** Opening Provided information block **

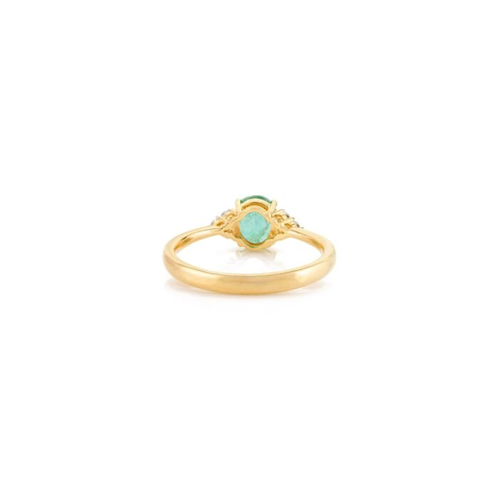 Surrounding the emerald are six round-cut diamonds, totaling 0.27 carats. These diamonds are meticulously set to accentuate the beauty of the emerald while adding sparkle and contrast to the overall design. The combination of emerald and diamonds creates a sophisticated and eye-catching contrast.
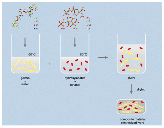 Schematic illustration of the synthesis of the gelatin–hydroxylapatite composite material. The synthesized ivory is formed from a slurry obtained by mixing the precursor solutions, followed by a drying process. The atomic structure of the two components are presented by segments of the collagen amino acid sequence (adapted from [35] and of the hydroxylapatite crystal structure (adapted from [31]).
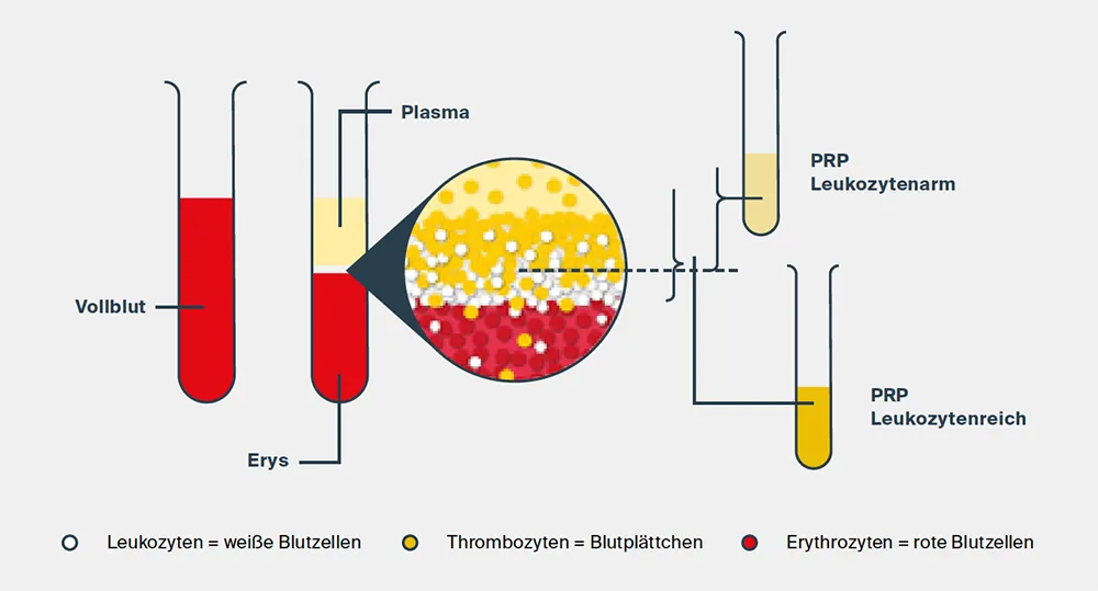 Thrombozyten sind zuständig für die Hämostase und bilden zudem die Grundlage für die erste Phase der Wundheilung. In dieser Phase aggregieren die Blutplättchen und formen den Gerinnungsthrombus. Zudem werden durch Degranulation von Thrombozyten Wachstumsfaktoren (z. B. TGFß, IGF, PDGF) freigesetzt. Kurz zusammengefasst kann die Therapie mit PRP lokale Wachstumsfaktoren freisetzen, die für die Heilung notwendigen Zellen anziehen und diese Zellen zu erhöhter Aktivität stimulieren. Bei der Herstellung von PRP werden die Bestandteile des zuvor abgenommenen und antikoagulierten Vollbluts mittels Zentrifugation aufgetrennt (Abb. 1).
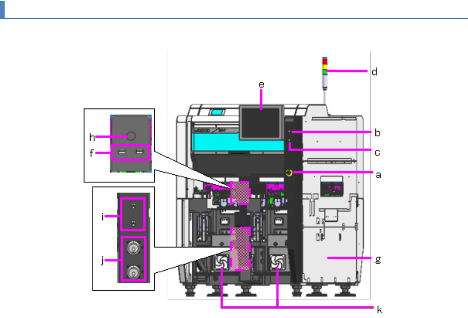 第 2 章 系统概要 2- 4. 机器的构成 RX-7 后部 (a) 主断路器 (b) Hour Met er (c) JOIN T IN (d) JOIN T OUT (e) LAN 端口 (f ) St art Int er Lock 13 2
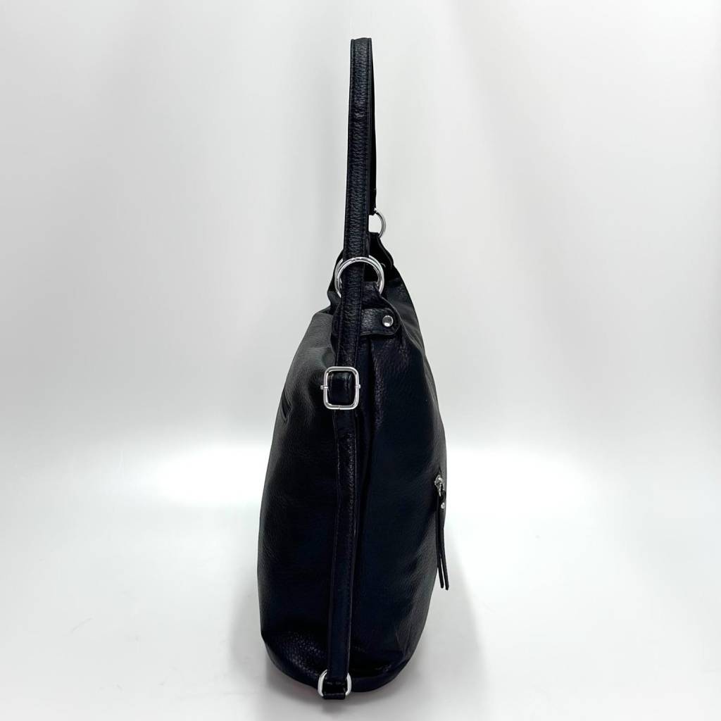 Priestranná hobo kabelka s mäkkým telom, dlhým ramenným uchom a praktickými zipsovými vreckami. Perfektná do práce, na nákupy aj voľný čas – zmestí sa diár, veľká peňaženka, kozmetika aj fľaša 0,5 l. Dostupná v niekoľkých farebných variantoch.
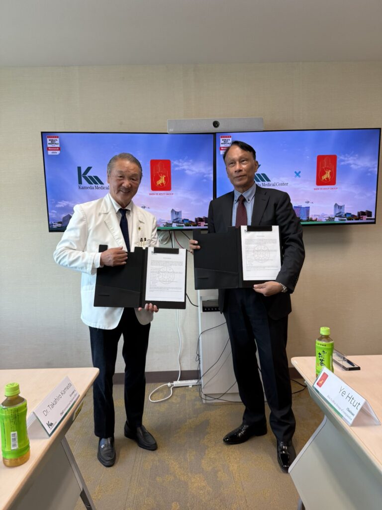 A significant step forward for Myanmar’s healthcare sector was marked today by the official signing of a Medical Center Contract between Japan’s renowned Kameda Medical Center and Myanmar’s Shin Ye Htut Group (SYH Group).
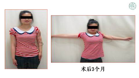 从术前和术后的比较看,我们看左上肢得到了明显的延长。
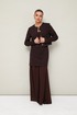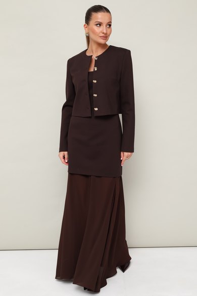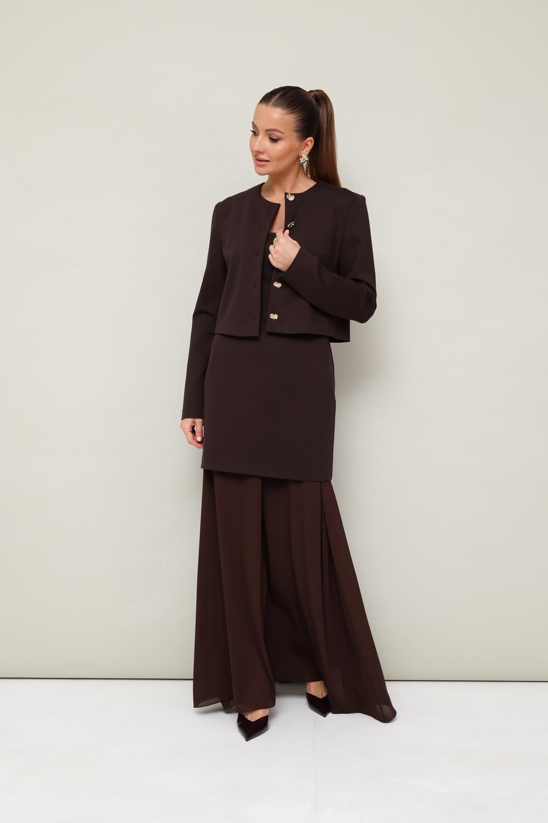 Жакет полуприлегающего силуэта, с центральной застёжкой на петли и акцентные пуговицы. Длинные втачные рукава. Спинка со средним швом.
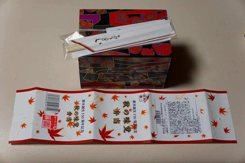 掛紙の絵柄も4区画で、このとおり書いてある。加えて駅弁の名前と記念の文字、「鯵の押寿し」のスリーブの絵柄、「深川めし」のふたの絵柄、日本ばし大増と大船軒のロゴマークと駅弁マークも記す。JR東日本クロスステーションが吸収した各社で長らく売られた駅弁の、いいとこがとりいれられた、駅弁ファンが感心しそうな記念駅弁。これは11月10日から1月中旬までの販売。
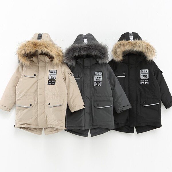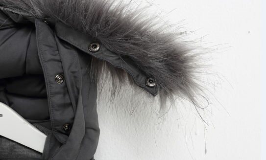 하프기장 오리털 점퍼 후드와 페이크 트리밍 모두 탈부착이가능함. 안쪽 스트링 밴드로 허리조절이가능하며 소매끝 시보리를 달아주어 따뜻하게 착용가능. 앞 반사원단 아플리케가 포인트.

** Closing Provided information block **

Instructions to follow
Starting at the line that contains "Thrombozyten sind zuständig", write out every line through the final line of the entries, word for word; skip any pictures.

Finished task
 Thrombozyten sind zuständig für die Hämostase und bilden zudem die Grundlage für die erste Phase der Wundheilung. In dieser Phase aggregieren die Blutplättchen und formen den Gerinnungsthrombus. Zudem werden durch Degranulation von Thrombozyten Wachstumsfaktoren (z. B. TGFß, IGF, PDGF) freigesetzt. Kurz zusammengefasst kann die Therapie mit PRP lokale Wachstumsfaktoren freisetzen, die für die Heilung notwendigen Zellen anziehen und diese Zellen zu erhöhter Aktivität stimulieren. Bei der Herstellung von PRP werden die Bestandteile des zuvor abgenommenen und antikoagulierten Vollbluts mittels Zentrifugation aufgetrennt (Abb. 1).
 第 2 章 系统概要 2- 4. 机器的构成 RX-7 后部 (a) 主断路器 (b) Hour Met er (c) JOIN T IN (d) JOIN T OUT (e) LAN 端口 (f ) St art Int er Lock 13 2
 Priestranná hobo kabelka s mäkkým telom, dlhým ramenným uchom a praktickými zipsovými vreckami. Perfektná do práce, na nákupy aj voľný čas – zmestí sa diár, veľká peňaženka, kozmetika aj fľaša 0,5 l. Dostupná v niekoľkých farebných variantoch.
 A significant step forward for Myanmar’s healthcare sector was marked today by the official signing of a Medical Center Contract between Japan’s renowned Kameda Medical Center and Myanmar’s Shin Ye Htut Group (SYH Group).
 从术前和术后的比较看,我们看左上肢得到了明显的延长。
 Жакет полуприлегающего силуэта, с центральной застёжкой на петли и акцентные пуговицы. Длинные втачные рукава. Спинка со средним швом.
 掛紙の絵柄も4区画で、このとおり書いてある。加えて駅弁の名前と記念の文字、「鯵の押寿し」のスリーブの絵柄、「深川めし」のふたの絵柄、日本ばし大増と大船軒のロゴマークと駅弁マークも記す。JR東日本クロスステーションが吸収した各社で長らく売られた駅弁の、いいとこがとりいれられた、駅弁ファンが感心しそうな記念駅弁。これは11月10日から1月中旬までの販売。
 하프기장 오리털 점퍼 후드와 페이크 트리밍 모두 탈부착이가능함. 안쪽 스트링 밴드로 허리조절이가능하며 소매끝 시보리를 달아주어 따뜻하게 착용가능. 앞 반사원단 아플리케가 포인트.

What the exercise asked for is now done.